[Haskell-cafe] Array, Vector, Bytestring
bgamari.foss at gmail.com
Tue Jun 4 03:41:53 CEST 2013
Artyom Kazak <yom at artyom.me> writes:
> silvio <silvio.frischi at gmail.com> писал(а) в своём письме Mon, 03 Jun 2013
> 22:16:08 +0300:
>> Hi everyone,
>> Every time I want to use an array in Haskell, I find myself having to
>> look up in the doc how they are used, which exactly are the modules I
>> have to import ... and I am a bit tired of staring at type signatures
>> for 10 minutes to figure out how these arrays work every time I use them
>> (It's even worse when you have to write the signatures). I wonder how
>> other people perceive this issue and what possible solutions could be.
> Recently I’ve started to perceive this issue as “hooray, we have lenses
> now, a generic interface for all the different messy stuff we have”. But
> yes, the inability to have One Common API for All Data Structures is
> bothering me as well.
>> Why do we need so many different implementations of the same thing?

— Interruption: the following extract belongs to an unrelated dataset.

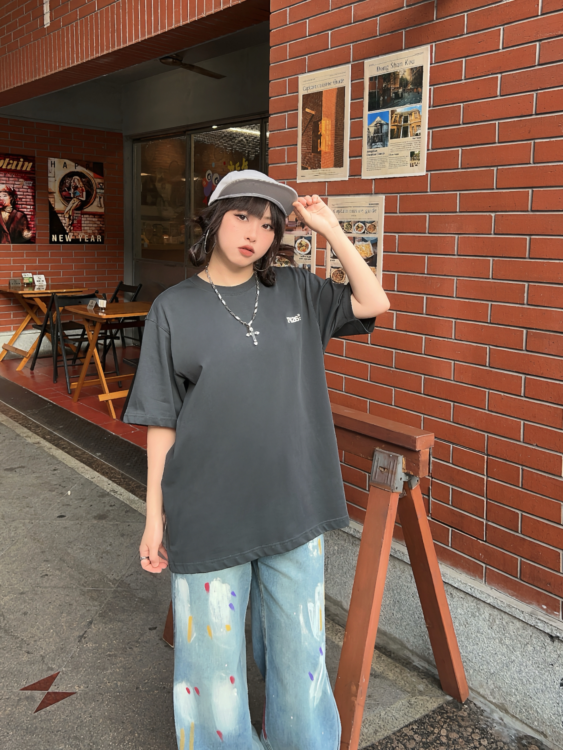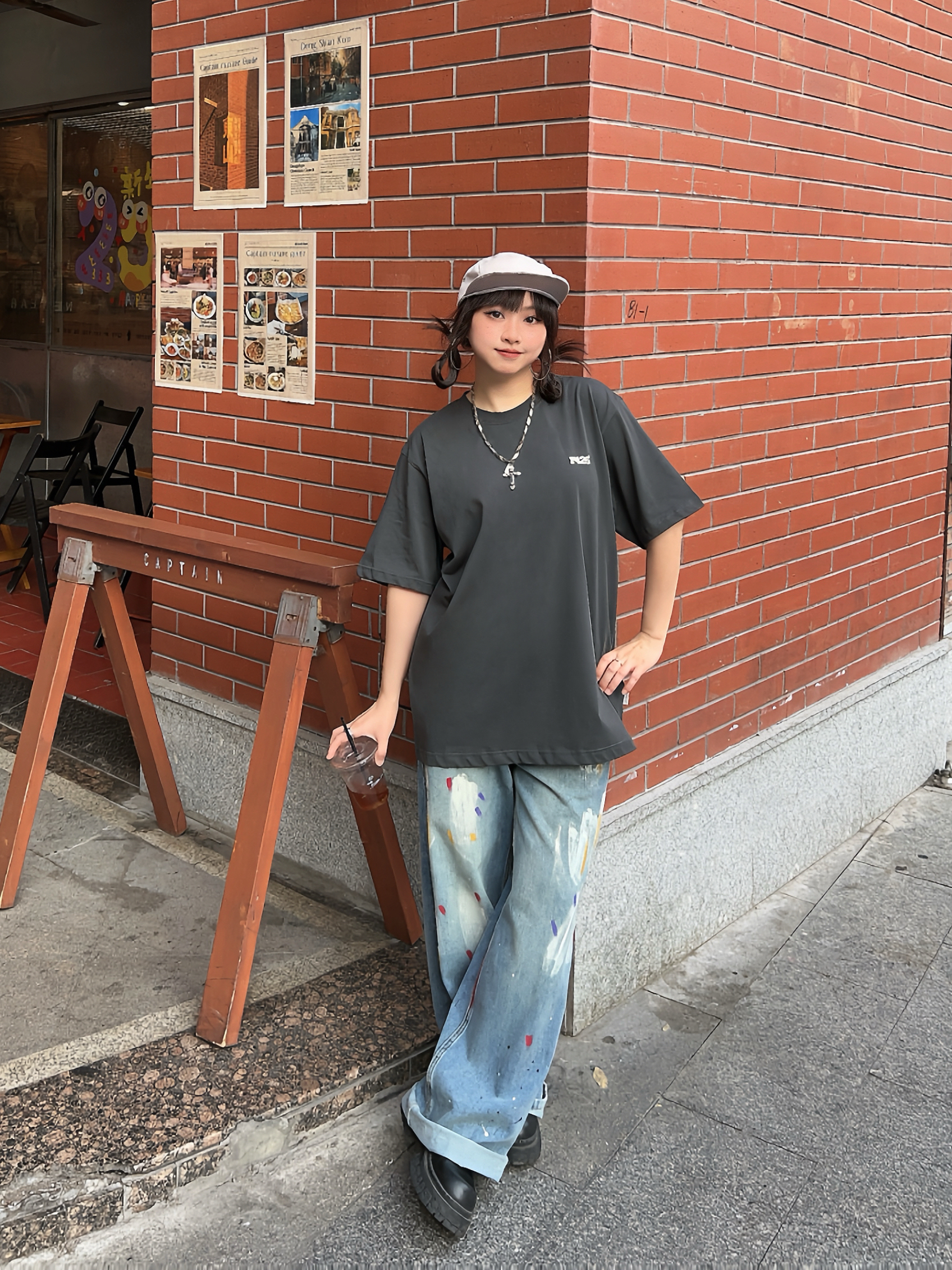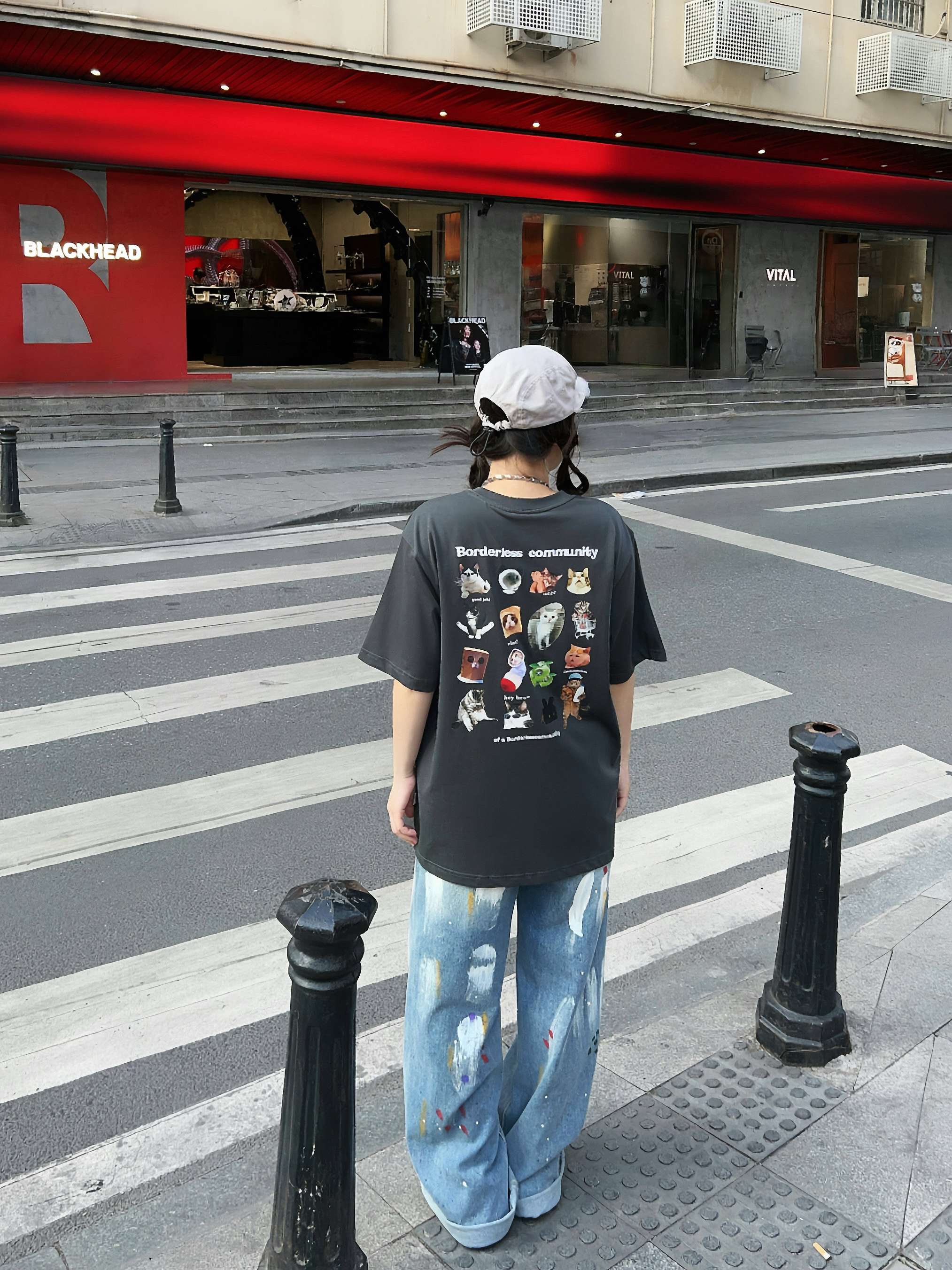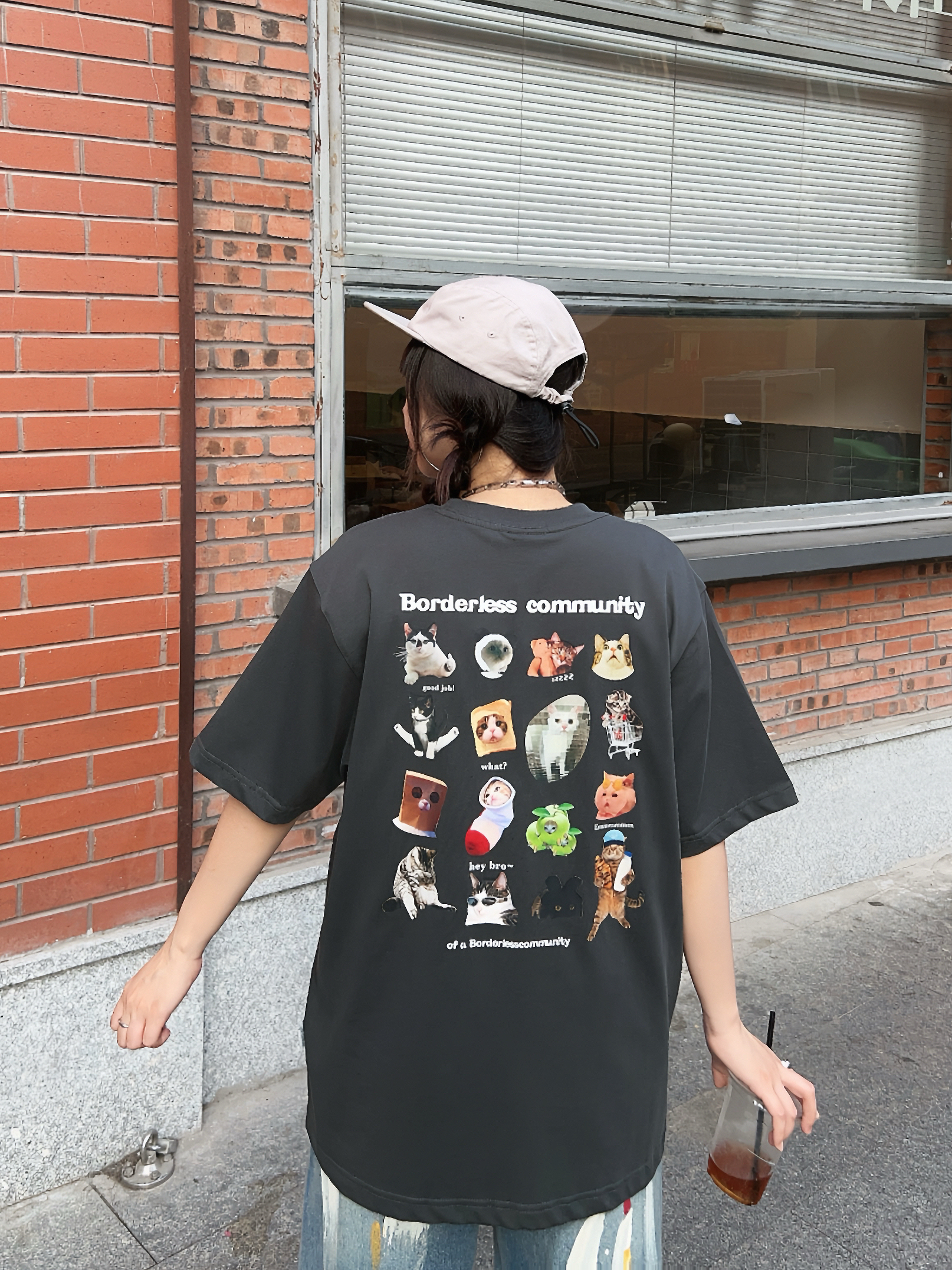 🛹158/100/M 美式街头穿搭来啦,穿帅点 🐈有点萌的夏日短袖,背后的猫猫表情包可可爱爱,上身宽松版型舒服好穿~ ☑️搭配涂鸦牛仔裤和复古棒球帽🧢,出门citywalk

In
>> the ghc libraries alone we have a vector, array and bytestring package
>> all of which do the same thing, as demonstrated for instance by the
>> vector-bytestring package. To make matters worse, the haskell 2010
>> standard has includes a watered down version of array.
> Indeed. What we need is `text` for strings (and stop using `bytestring`)
> and reworked `vector` for arrays (with added code from `StorableVector` —
> basically a lazy ByteString-like chunked array).
To be perfectly clear, ByteString and Text target much different
use-cases and are hardly interchangeable. While ByteString is, as the
name suggests, a string of bytes, Text is a string of characters in a
Unicode encoding. When you are talking about unstructured binary data,
you should most certainly be using ByteString.